The Los Angeles Lakers absolutely swindled the Dallas Mavericks in the Luka Doncic trade. There is no debating the extent to which they robbed them. In doing so, though, the Lakers also made it harder for themselves to swing trades now, and over the offseason.
Because having Doncic nukes the value of their future draft picks.
The Lakers’ future with Luka Doncic is too bright for other teams
The Lakers can only deal up to one first-rounder pick at the moment: their 2031 selection. That number will climb to three over the offseason, at which time they can flip whomever they select in the 2026 draft, as well as their 2031 and 2033 picks.
Dangling one first-round pick should be enough, in theory, to start conversations for many of the targets being bandied about the rumor mill. And if the Lakers hoard their firsts until the summer, peddling a trio of selections could get them in the running for much spicier names.
Emphasis on “in theory.” And “could.”
Selling teams want to procure first-rounders with higher upside, particularly when they spill so far into the future. The Lakers’ draft selections carried that mystique this time last year. They no longer have it now.
Just look at where the Lakers are this season as proof. They have a less-than-perfect roster, and are still tracking toward a bottom-five draft pick. Sure, a lot can happen between now and 2031, the earliest the Lakers can currently convey a first-round pick. But at just 26, Doncic is not nearly deep enough into his prime to see Los Angeles’ fortunes going awry over the next half-decade or so.

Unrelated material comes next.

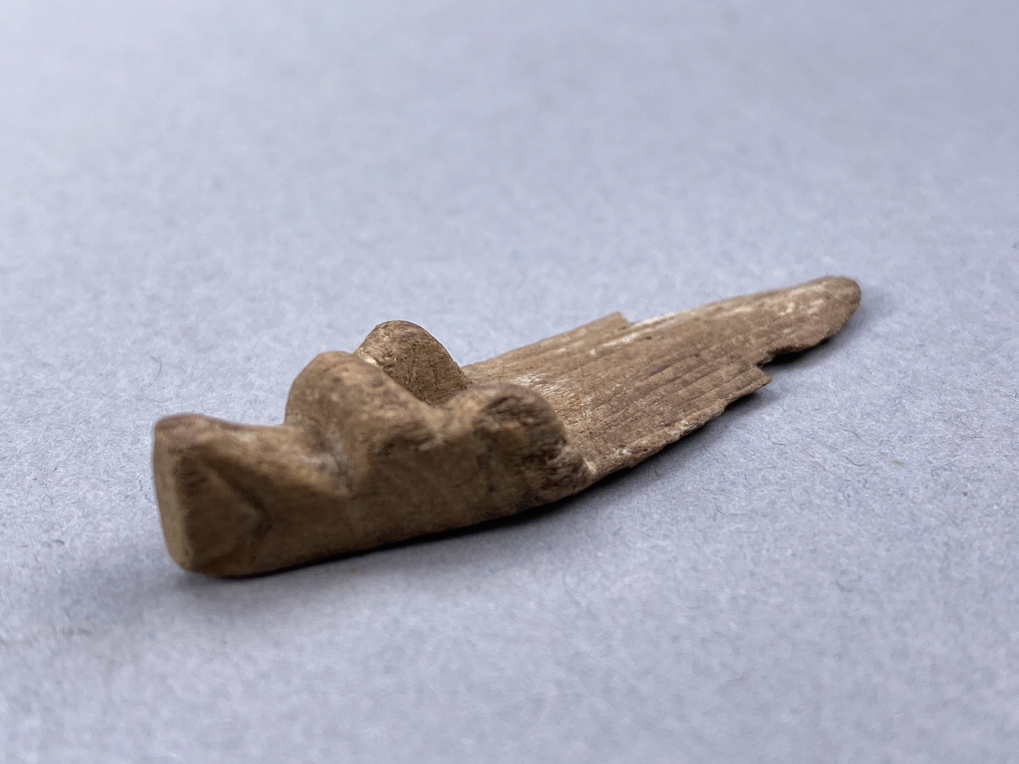 Täljd mindre träbit. Kan vara en detalj till ett lock. Den del som låser locket mot asken.

Let’s say the Lakers deal their 2031 first-rounder before the deadline. That pick would convey after Doncic’s age-31 season. He will still be in the heart of his prime at that age.
Unless you think Los Angeles will suddenly fail to put any sort of competent talent whatsoever around him in the coming years, the odds that pick landing anywhere near the lottery is slim to none.
Luka may make it more difficult for the Lakers to trade for another big name
If the Lakers want to chase bigger fish, they are better off playing it safe at the trade deadline, and pursuing a splashier move over the summer. That is when their 2033 first-rounder comes into play, and other teams might convince themselves Doncic will be on the downswing entering what would be his age-33 season ahead of that draft.
At the same time, this completely discounts the Lakers’ willingness and ability to futz and fiddle in the years to come. Even with Austin Reaves coming up on free agency next summer (player option), the team could be ticketed for boatloads of flexibility at some point over the next couple of years. Free agency may not deliver marquee names for most franchises these days, but the Lakers are not most franchises.
Basically, so long as Doncic is wearing purple and gold, Los Angeles’ future draft picks won’t have nearly as much value as they did before. This is a good—even great—problem. But unless the Lakers stumble into another one-sided heist like the one that got them Doncic in the first place, it’s a potential problem all the same.